◆ Task requirements: Everything in the listing below should be repeated exactly, apart from the pictures.

◆ Dataset content:
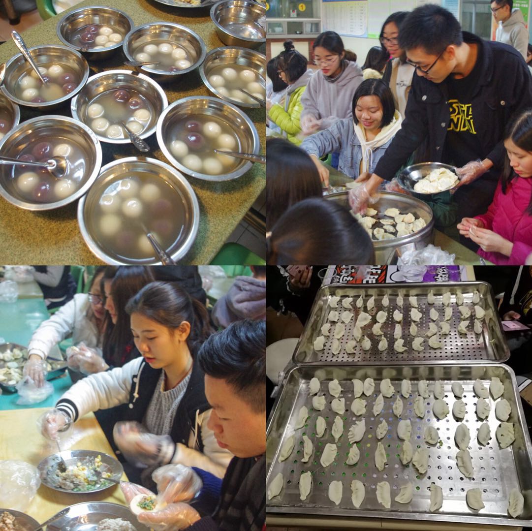 在等待热腾腾的饺子出炉时,香喷喷、圆鼓鼓的汤圆已经被一碗一碗地端上了桌面,伴随着每位成员的身边飘散着的汤圆香甜的热气和幸福温暖的气息,振奋人心的“吃饺子”环节也开始了。期间,学生会指导老师梁亮也与干部们一同吃汤圆吃饺子,就如同大家长带着孩子们在冷冬围在一团一边吃着热腾腾的饺子和汤圆一边聊聊天,其乐融融。干部们吃着自己包的香喷喷的饺子,也充分地感受到了集体的温暖,也为自己的大学生活留下了一次美好的回忆。
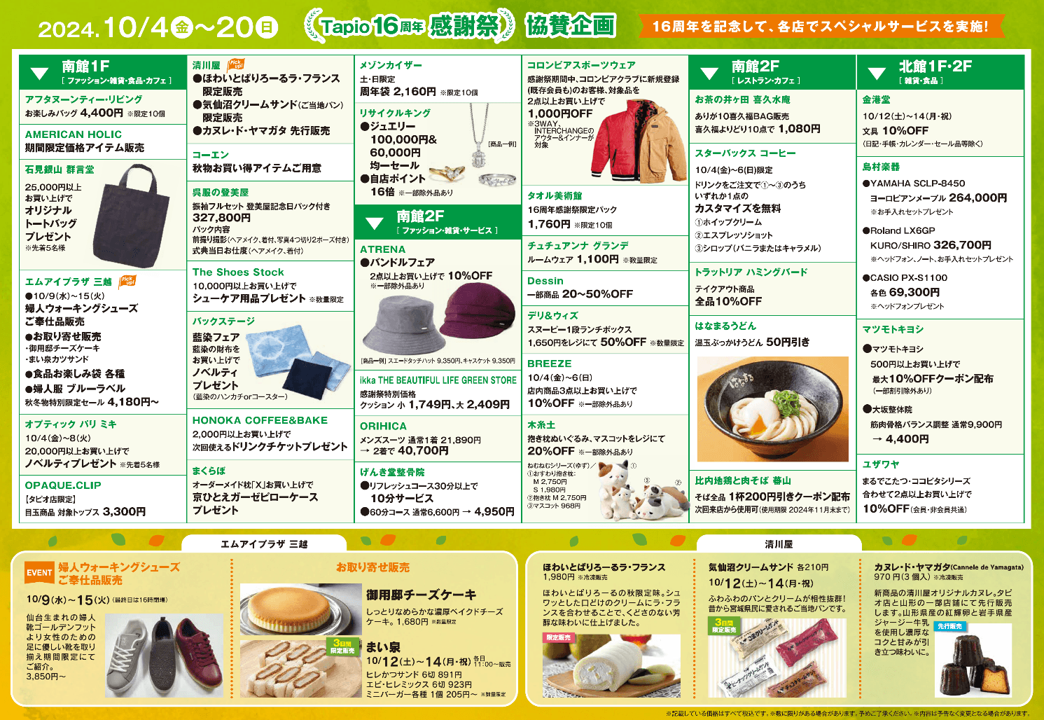 館内35店舗で16周年感謝祭を記念した協賛企画を実施。日頃ご愛顧いただくお客様への感謝を込めてお得にお買い物をいただける企画を多数ご用意しております。
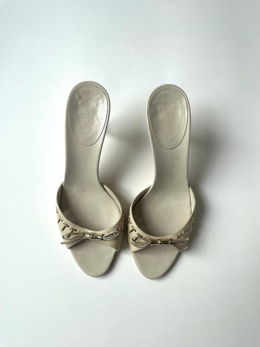 Gucci by Tom Ford off-white mini bamboo and bow heel sandals (EU 38 / US 7.5)
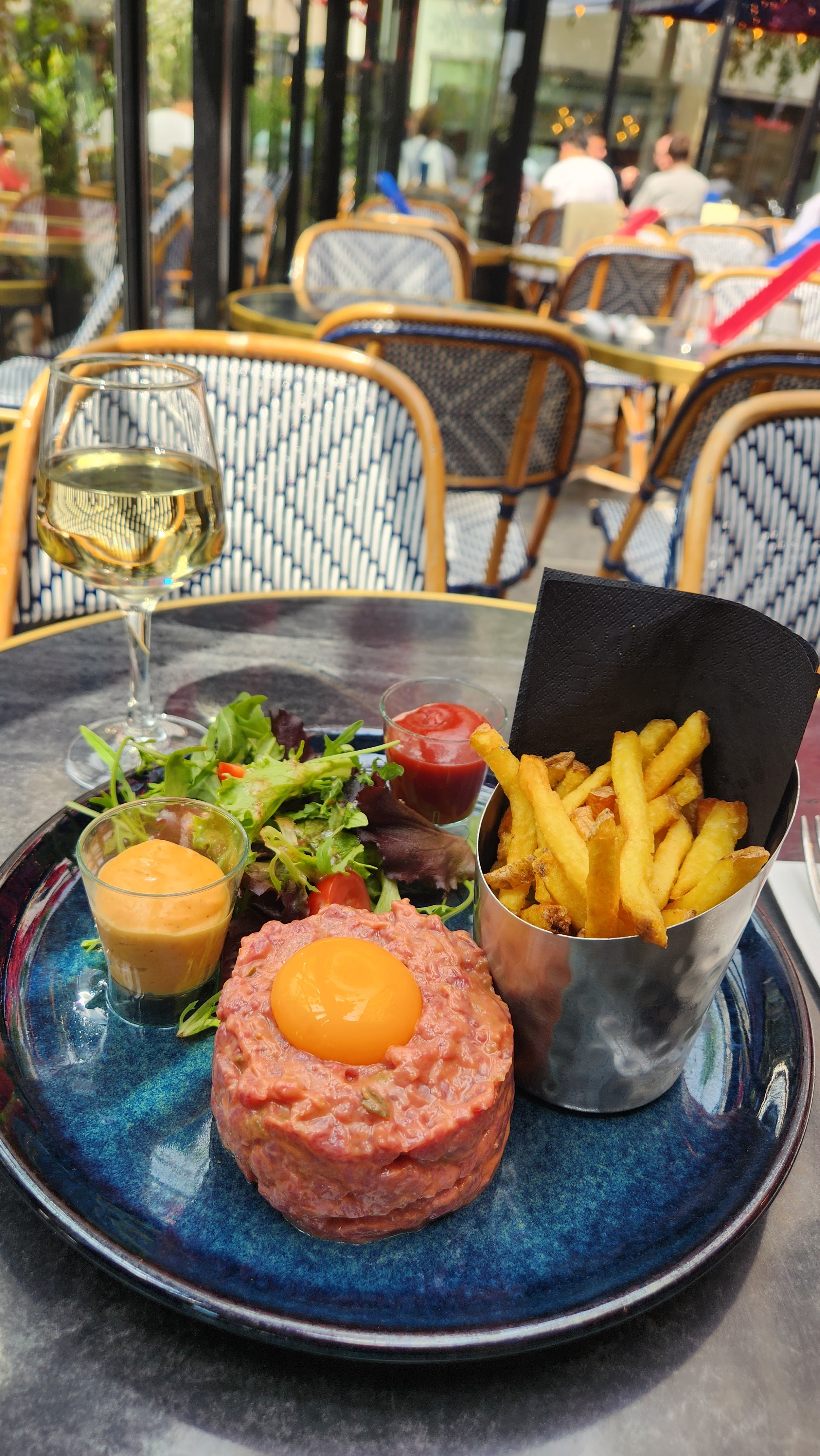 Dans un coin un peu plus calme du quartier c'est bien ! Terrasse simple et sympa Service cool et agréable, rapide. Carte de café efficace. Croque monsieur très correct même si à 15 euros. Burger très bon il paraît Frites chaudes et croquantes (ça devient rare) Adresse à retenir un jour de shopping entre les halles et le marais

◆ Task response:
 在等待热腾腾的饺子出炉时,香喷喷、圆鼓鼓的汤圆已经被一碗一碗地端上了桌面,伴随着每位成员的身边飘散着的汤圆香甜的热气和幸福温暖的气息,振奋人心的“吃饺子”环节也开始了。期间,学生会指导老师梁亮也与干部们一同吃汤圆吃饺子,就如同大家长带着孩子们在冷冬围在一团一边吃着热腾腾的饺子和汤圆一边聊聊天,其乐融融。干部们吃着自己包的香喷喷的饺子,也充分地感受到了集体的温暖,也为自己的大学生活留下了一次美好的回忆。
 館内35店舗で16周年感謝祭を記念した協賛企画を実施。日頃ご愛顧いただくお客様への感謝を込めてお得にお買い物をいただける企画を多数ご用意しております。
 Gucci by Tom Ford off-white mini bamboo and bow heel sandals (EU 38 / US 7.5)
 Dans un coin un peu plus calme du quartier c'est bien ! Terrasse simple et sympa Service cool et agréable, rapide. Carte de café efficace. Croque monsieur très correct même si à 15 euros. Burger très bon il paraît Frites chaudes et croquantes (ça devient rare) Adresse à retenir un jour de shopping entre les halles et le marais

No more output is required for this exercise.